Hi, I've just been clearing out the attic and I've come across lots of old Halloween stuff I forgot we had from when our oldest child first had a Halloween party. We haven't really made an as big a deal of it the last couple of years but now our youngest is old enough, I would really like to put on a bit of a party this year. I have American routes and its big for us over there so I want the youngest to experience it. Its been a long-time since I've been in the States during Halloween but I have a lot of fond childhood memories. So basically, I want to be fully prepared this year, I know its early in the year, but I want to make some provisions ready. I seem to remember when we were younger that cotton candy/candy floss was quite a big thing and we used to use it for decorations and to eat. Does anyone know if you just use a home candy floss machine to make the edible and non-edible flosses? Also, if that is the case, are there any cool suggestions on how to utilize it or recipes for the colouring process etc? Thankyou, Mandy


----------



## offmymeds (May 26, 2010)

you can rent Cotton Candy machines.......or you can make your own for decorating only, not edible 















These were made with poly fil and acrylic paint. I bought all the bags from a local supply store


----------



## HexMe (Jul 23, 2009)

The last couple years I made a trick or treat station for the young guests of our open house and this year one of the treats offered was white cotton candy. I made it using a little home machine that I bought at Target for $30 or $40, and just plain white sugar. I wanted the cotton candy to look like spider webs and I made tags for the bags that said "sticky sweet spider webs", and placed a plastic toy spider inside too. I'm sorry I don't have any close-up pics of the bags or tags. I only made 15 bags but I have to say...it was a big pain in the butt and I'm hoping to not have to make it this year. It takes so much work to get one decent size bag of cotton candy, and a bit of finesse that I struggled to harness. Anyway, in these pics the cotton candy is the white bags:


----------



## kinderfun (Apr 15, 2016)

Looks like you've both put a lot of work into it. It's not something i want to do every year but it would be nice to go all out this one time, that's why I'm starting early. I think I'm going to pick up a candy floss machine, I've found some cheap for sale online, and just have a play to see if I can at least create something that's a bit different. I'm keen to experiment with non-edible methods to create some cool decorations. Thanks or the ideas, if I can end-up with anything like you two guys then I'd be very happy.


----------



## CemeteryGirl (Aug 20, 2013)

i distinctly remember at an old friends wedding, the owner of the house we went to had a little cotton candy making machine. he could drop candies in it like jolly ranchers to make the different flavored cotton candy! i can imagine with close adult supervision, since the candy melting part gets pretty hot, the kids could have fun dropping different flavors in to create different flavored and colored cotton candy!

 Cotton Candy Maker


----------



## kinderfun (Apr 15, 2016)

CemeteryGirl said:


> i distinctly remember at an old friends wedding, the owner of the house we went to had a little cotton candy making machine. he could drop candies in it like jolly ranchers to make the different flavored cotton candy! i can imagine with close adult supervision, since the candy melting part gets pretty hot, the kids could have fun dropping different flavors in to create different flavored and colored cotton candy!
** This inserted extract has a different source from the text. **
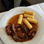 Was kann ich zum Speisenangebot sagen ? Das Vorspeisenangebot war reichlich, das Angebot an Hauptspeisen war mit insgesamt vier Gerichten recht überschaubar und die Desserts waren ziemlich fantasielos. Meine Frau fand den Rinderschmorbraten ziemlich zäh, während ihr eines der beiden Fischgerichte (nicht der Lachs) gut gefiel. Ich fand bei den Vorspeisen die gefülllten Eier und die Schinkenröllchen mit Spargelfüllung sehr schmackhaft: leider waren die mit einer säuerlichen Creme gefüllten grünen Pepperoni so hart, dass ich mir daran fast die Zähne ausgebissen habe; al dente ist ja in Ordnung, aber das war dann doch zu viel. Gut gefallen haben mir die Schneebällchen. Dazu hatte ich mir einige Tranchen vom Schweinfilet im Speckmantel aufgelegt; nicht weiter erwähnenswert war die dazu vorgesehene sehr wässrige Sauce. Dass so ein Schweinefilet, das wohl zunächst sehr gut gegart und durchaus saftig war, beim Liegen im Behälter auf dem Büffet kräftig nachzieht, lässt sich wohl nicht vermeiden; geschmeckt hat es mir trotzdem, auch wenn man es in der Küche mit der Pfefferschicht auf dem Speckmantel doch etwas zu gut gemeint hatte. Der von mir als Dessert gewählte Obstsalat kam für mich gefühlt aus dem Convenience-Eimer; die am Tisch verzehrten Profiteroles fanden durchaus Anklang. Hätte ich welche gewollt, hätte ich mich noch einmal in die lange Schlange einreihen müssen, und dazu hatte ich nun wirklich keine Lust mehr.

Sounds like a good idea, but yes, need to think about health & safety. Definitely worth considering.


----------



## Halloween Happy (Apr 26, 2016)

You could make fake cotton candy to hang from the walls or use as decor. Maybe make something out of pillow fluff, like huge bags of cotton candy! Wrap it up in a fun festive way or throw some blood and make creepy! Or add spiders!


----------



## kinderfun (Apr 15, 2016)

Halloween Happy said:


> You could make fake cotton candy to hang from the walls or use as decor. Maybe make something out of pillow fluff, like huge bags of cotton candy! Wrap it up in a fun festive way or throw some blood and make creepy! Or add spiders!


Sounds scarily good


----------



## RCIAG (Jul 19, 2010)

I've made cotton candy on a rented machine once or twice & it takes some practice. Yes, it gets hot so if kids are around it should be supervised. Just be warned that you'll be a hot sticky mess while making it so don't do it in costume unless your costume happens to be cotton candy.

Once you get the hang of it it's kinda fun. Messy but fun.

I don't think I'd buy one. Around here the rental cost is about $70 & the price to buy a small one is around $50. Of course that does not including the price for the sugar (for the "floss" as they call it) & the cones or bags whichever you choose. The commercial ones are faster too.

I wouldn't use the real stuff for decoration, it would be expensive to waste it like that. I'd go for the pillow stuffing stuff, polyfil, if you want to use it to decorate.


----------